Record set.
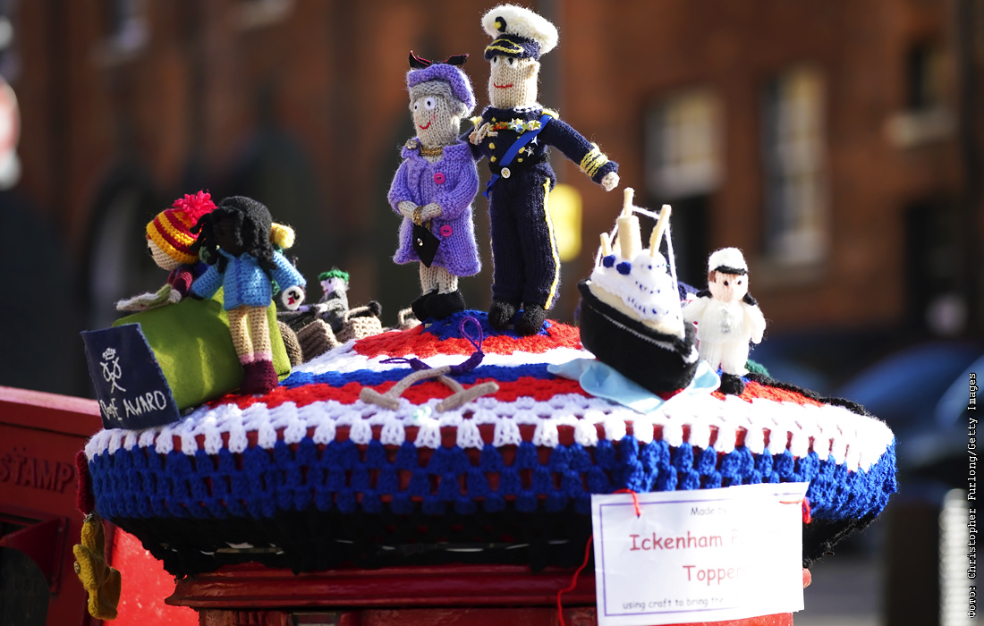 В Великобритании продолжается национальный траур после смерти принца Филиппа. На фото: вязаные фигуры королевы Елизаветы II и ее мужа принца Филиппа украшают почтовый ящик в Виндзоре.
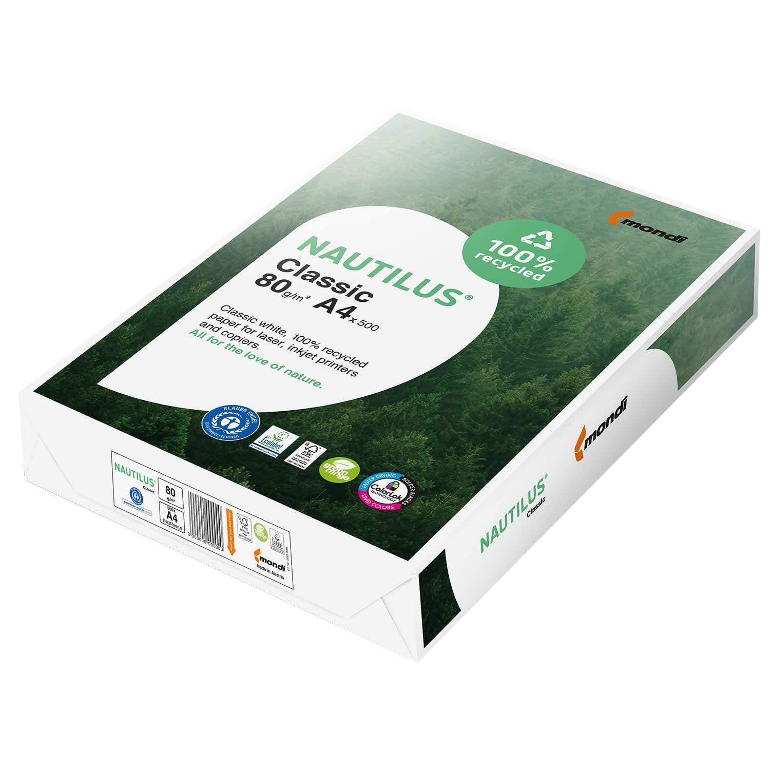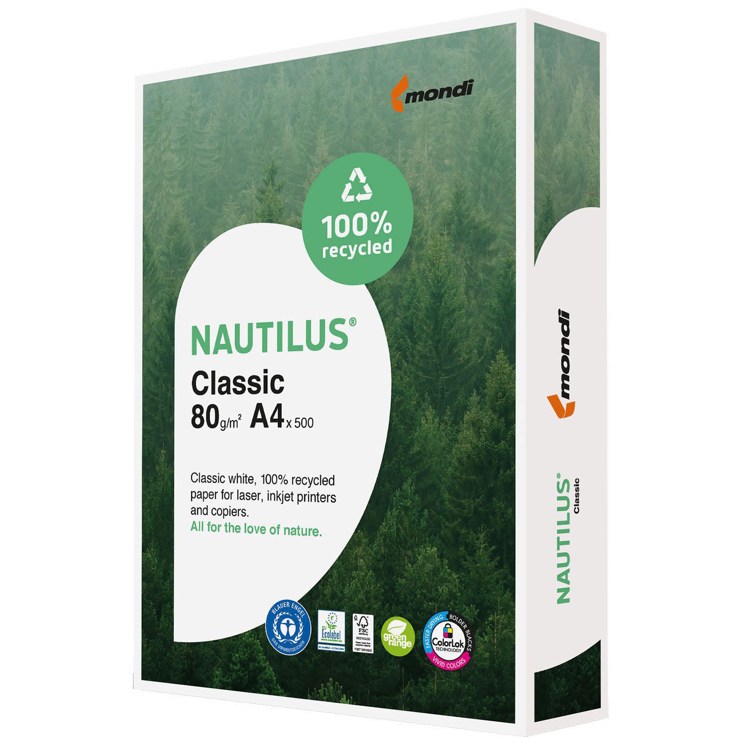 Η οικολογική σειρά Nautilus αποτελείται από 100% ανακυκλωμένο χαρτί υψηλής ποιότητας. Είναι ιδανικό τόσο για έγχρωμες, όσο και για ασπρόμαυρες εκτυπώσεις, αποδίδοντας εξαιρετικά τα χρώματα. Επιπλέον, η διαδικασία λεύκανσης έχει γίνει χωρίς τη χρήση χλωρίου, ενώ η διαδικασία παραγωγής έχει αποσπάσει την πιστοποίηση ISO 14001 (environmental management).
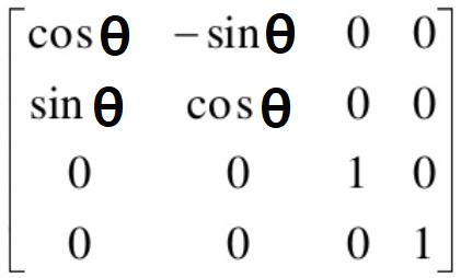 Z축을 기준으로 회전하는 행렬은 아래와 같습니다.
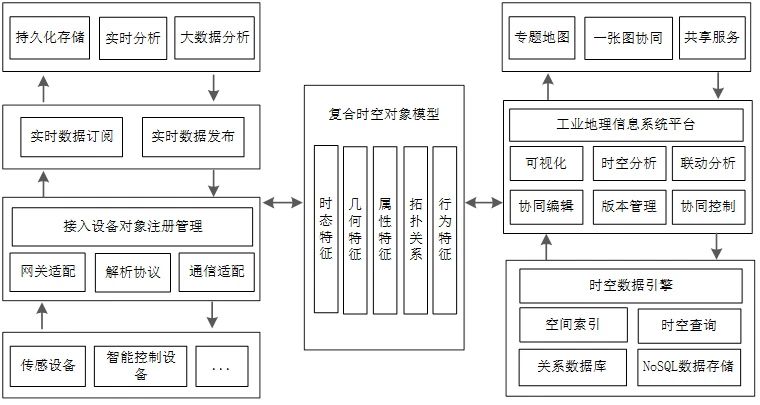 针对工业地理信息系统数据动态变化、工业对象拓扑关联、数字空间与现实空间双向联动的特点,需建立围绕工业地理信息时空对象的数据协同处理及管理机制。一方面,面向工业生产全过程产生的实时数据及传感数据,IGIS时空数据处理平台需提供稳定、高速的数据接入及发布机制,确保数字世界与物理世界的数据同步;另一方面,面向工业生产业务流程多样,涉及的工业要素对象纷繁复杂,前述关键技术已经从数据标准规范层面给出了要素对象建模的要求,从工业时空数据管理的角度还需建立基于复合时空对象模型的“一张图”时空信息协同处理平台,确保数据完整规范、无冗余、动态更新、协同一致,如图4所示。
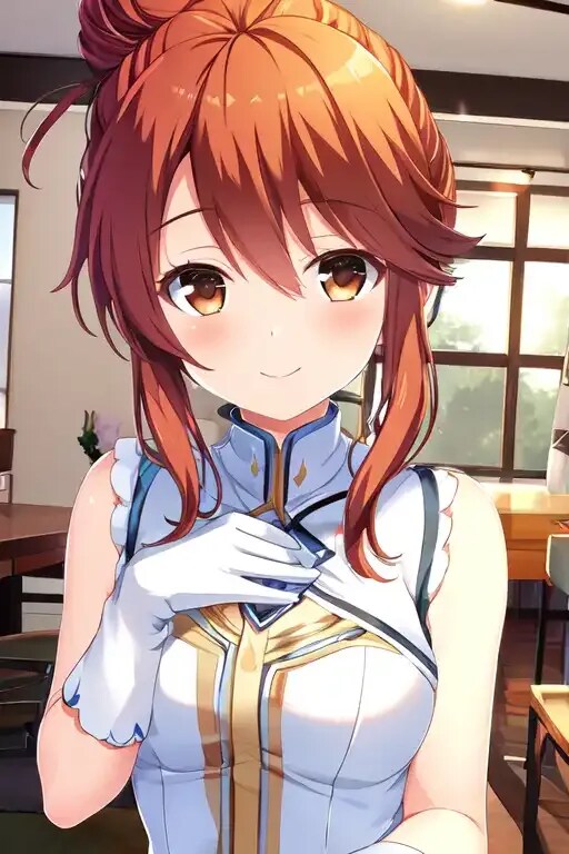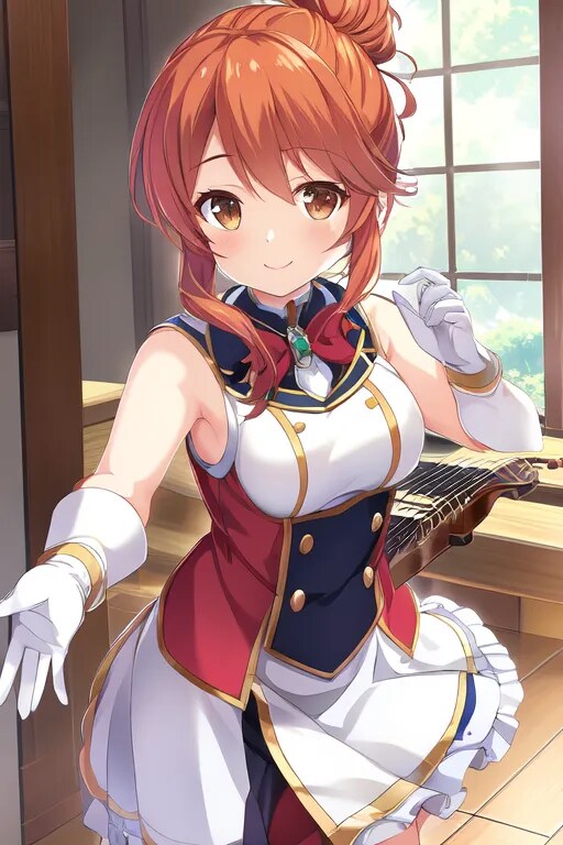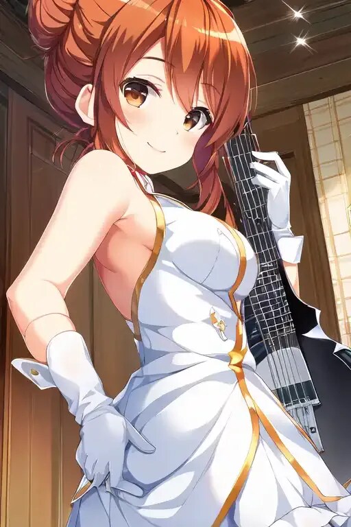 白い衣装は、white wearing a pretty,で白いグローブはwhite gloves,で原作イラストっぽくしてます
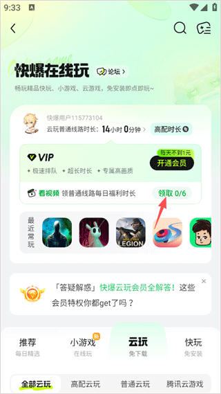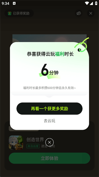 4、在云玩界面,你会看到“看视频”的选项,点击它右边的“领取”按钮,就可以通过观看视频来换取更多的云游戏时长。
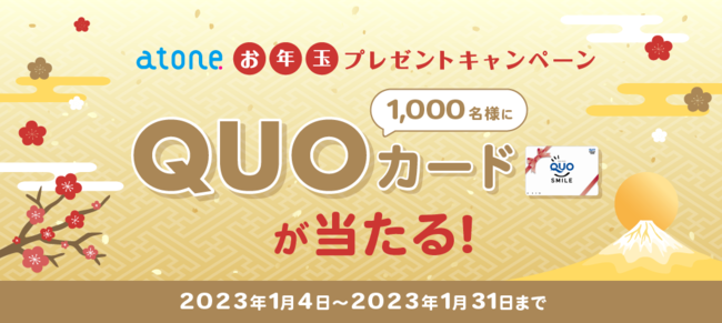 本キャンペーンにエントリーの上、期間内にネットショップでatoneを利用して合計500円以上お買い物いただくと、QUOカード1,000円券を1,000名様にプレゼントいたします。
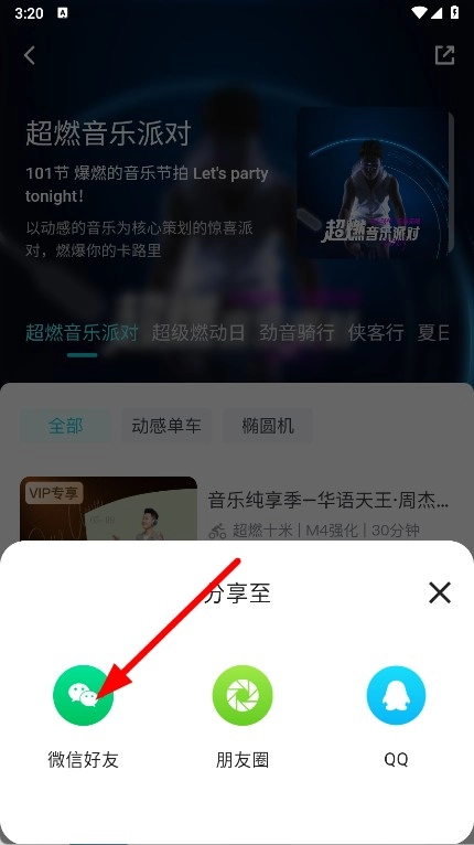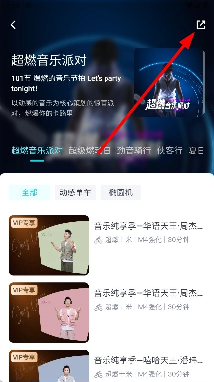 3、进入超燃音乐派对课程详情页后,点击页面右上角的分享图标,此时会弹出分享选项。

Brief.
Print out all the material word for word but exclude any images.

Output of the task.
 В Великобритании продолжается национальный траур после смерти принца Филиппа. На фото: вязаные фигуры королевы Елизаветы II и ее мужа принца Филиппа украшают почтовый ящик в Виндзоре.
 Η οικολογική σειρά Nautilus αποτελείται από 100% ανακυκλωμένο χαρτί υψηλής ποιότητας. Είναι ιδανικό τόσο για έγχρωμες, όσο και για ασπρόμαυρες εκτυπώσεις, αποδίδοντας εξαιρετικά τα χρώματα. Επιπλέον, η διαδικασία λεύκανσης έχει γίνει χωρίς τη χρήση χλωρίου, ενώ η διαδικασία παραγωγής έχει αποσπάσει την πιστοποίηση ISO 14001 (environmental management).
 Z축을 기준으로 회전하는 행렬은 아래와 같습니다.
 针对工业地理信息系统数据动态变化、工业对象拓扑关联、数字空间与现实空间双向联动的特点,需建立围绕工业地理信息时空对象的数据协同处理及管理机制。一方面,面向工业生产全过程产生的实时数据及传感数据,IGIS时空数据处理平台需提供稳定、高速的数据接入及发布机制,确保数字世界与物理世界的数据同步;另一方面,面向工业生产业务流程多样,涉及的工业要素对象纷繁复杂,前述关键技术已经从数据标准规范层面给出了要素对象建模的要求,从工业时空数据管理的角度还需建立基于复合时空对象模型的“一张图”时空信息协同处理平台,确保数据完整规范、无冗余、动态更新、协同一致,如图4所示。
 白い衣装は、white wearing a pretty,で白いグローブはwhite gloves,で原作イラストっぽくしてます
 4、在云玩界面,你会看到“看视频”的选项,点击它右边的“领取”按钮,就可以通过观看视频来换取更多的云游戏时长。
 本キャンペーンにエントリーの上、期間内にネットショップでatoneを利用して合計500円以上お買い物いただくと、QUOカード1,000円券を1,000名様にプレゼントいたします。
 3、进入超燃音乐派对课程详情页后,点击页面右上角的分享图标,此时会弹出分享选项。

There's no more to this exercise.